### DATA SECTION
------------------------------------------------------------
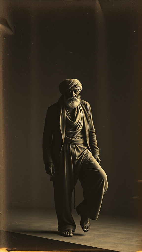 Vintage photograph of a turbaned Indian man, legs elevated, capturing disfigured silhouettes in the essence of contemporary Middle Eastern and North African art between 1860–1969, exhibiting a brooding atmosphere. Composition is sparse and minimalistic, resembling photographic tapestries with a crumpled texture, aspect ratio 3:4.
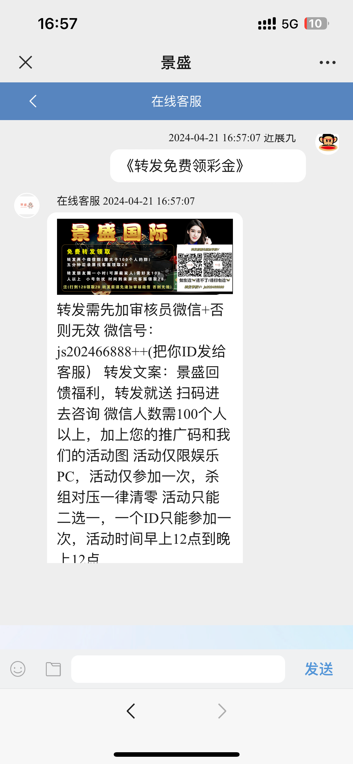 发朋友圈送28 发的时候加微信客服 把朋友圈设置成仅他可见再发 然后用老哥网首页的撸彩工具p图领
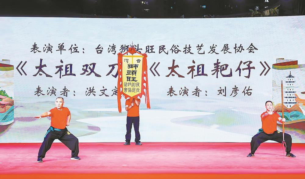 海峡两岸中华武术大家练活动中,台湾武者在台上表演。
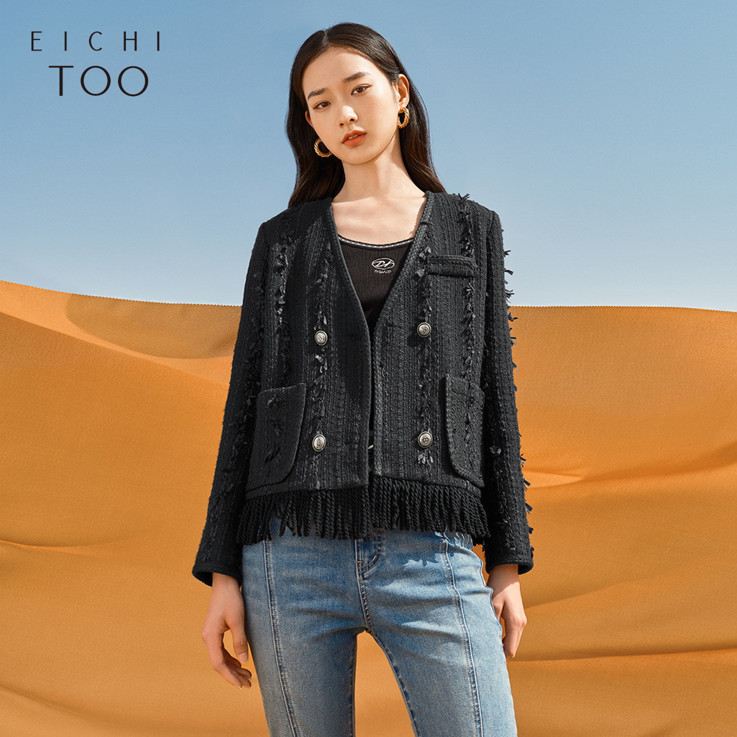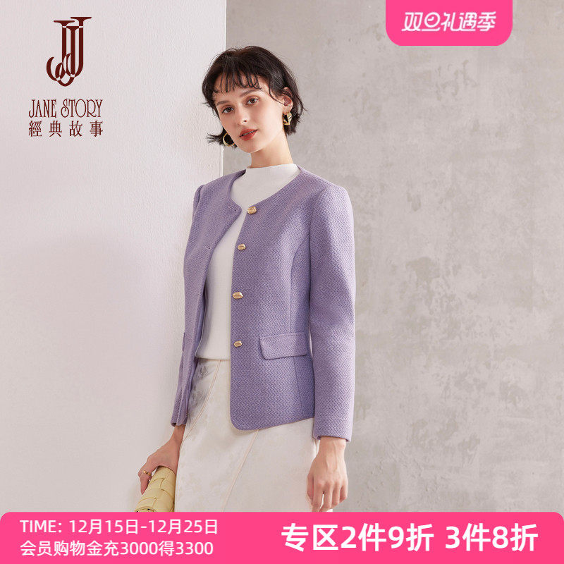 高端圆领小香风外套女2025秋冬新款别致纽扣紫色高级感大气外套
------------------------------------------------------------
### TASK STATEMENT
Your answer should be every line above, written out exactly, with no pictures.

### YOUR SOLUTION
 Vintage photograph of a turbaned Indian man, legs elevated, capturing disfigured silhouettes in the essence of contemporary Middle Eastern and North African art between 1860–1969, exhibiting a brooding atmosphere. Composition is sparse and minimalistic, resembling photographic tapestries with a crumpled texture, aspect ratio 3:4.
 发朋友圈送28 发的时候加微信客服 把朋友圈设置成仅他可见再发 然后用老哥网首页的撸彩工具p图领
 海峡两岸中华武术大家练活动中,台湾武者在台上表演。
 高端圆领小香风外套女2025秋冬新款别致纽扣紫色高级感大气外套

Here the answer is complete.